Just as with epilepsy surgery, RNS requires precise delineation of the location and extent of the seizure onset zones. In patients for whom seizures originate from discrete zones involving essential language or motor cortex, RNS could be an appropriate alternative to the current surgical option, multiple subpial transections, which has unclear effectiveness (10). Patients with well-defined bilateral seizure onset zones—for example, those with bilateral temporal lobe epilepsy and mesial temporal sclerosis—might also be considered for implantation. Patients who are determined to be poor resection candidates because of diffuse, multifocal, or ill-defined seizure origination would also be expected to respond poorly to RNS. More experience with neural stimulation might better define specific subgroups of patients with focal epilepsy who have a higher chance of responding to this modality.

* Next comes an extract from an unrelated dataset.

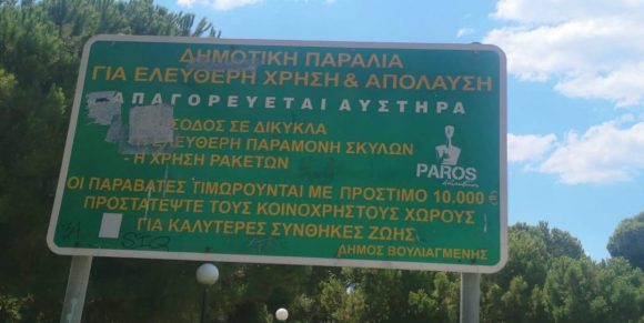 Η ειρωνία; Στο χώρο υπάρχει ταμπέλα που δεσπόζει και γράφει: «Δημοτική Παραλία για Ελεύθερη Χρήση και Απόλαυση».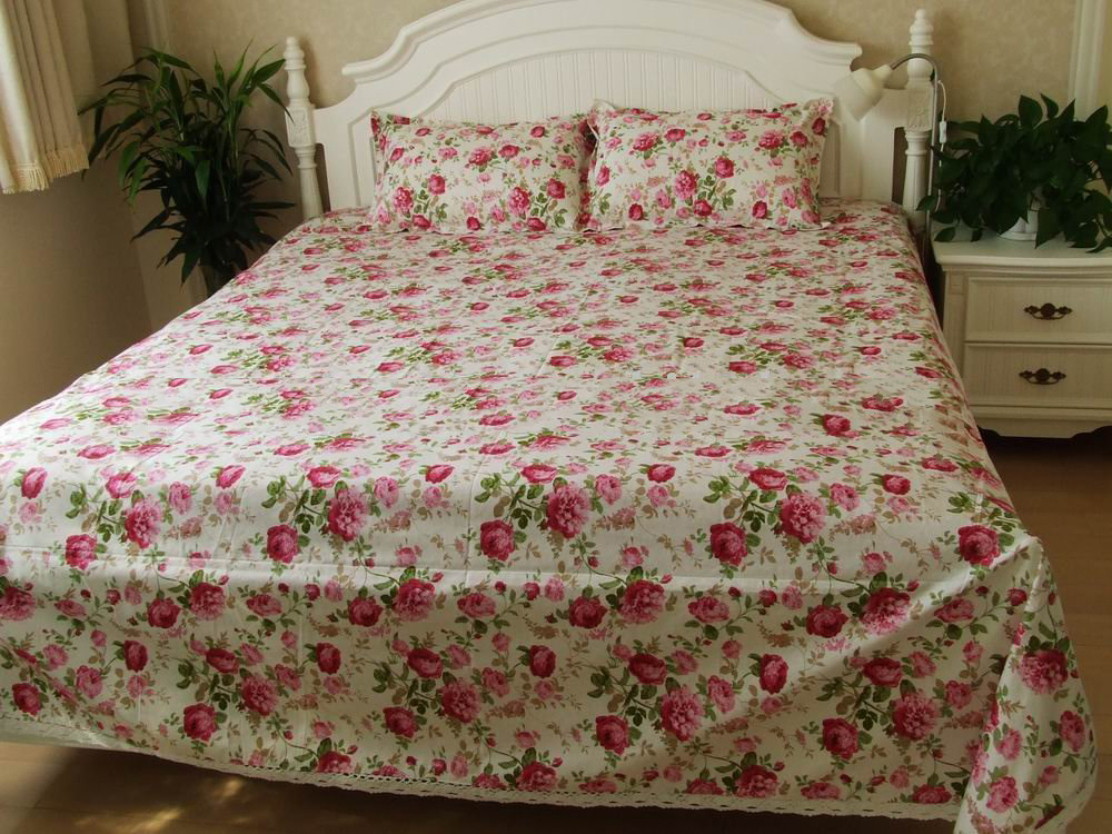 Chinese Traditional Cotton Soft Handmade Red Flowers Print Bedding Set |

This new epilepsy therapy also lends itself to additional innovation. Efficacy might be improved if new algorithms are developed to detect seizures earlier. Improved electrode arrays might more completely cover regions of seizure origination. If electrical stimulation still proved inadequate to arrest seizures completely, other interventions, such as release of neuroactive substances or rapid focal cooling, might be coupled to the seizures. RNS could just be the prototype of a new treatment paradigm.

This successful clinical trial of this complex intervention in a heterogeneous patient population at 32 centers is remarkable, even though the demonstrated seizure reduction is very modest. Hopefully, this achievement will break a barrier to development of different ways to treat epilepsy and will be the forerunner of many novel approaches to therapy.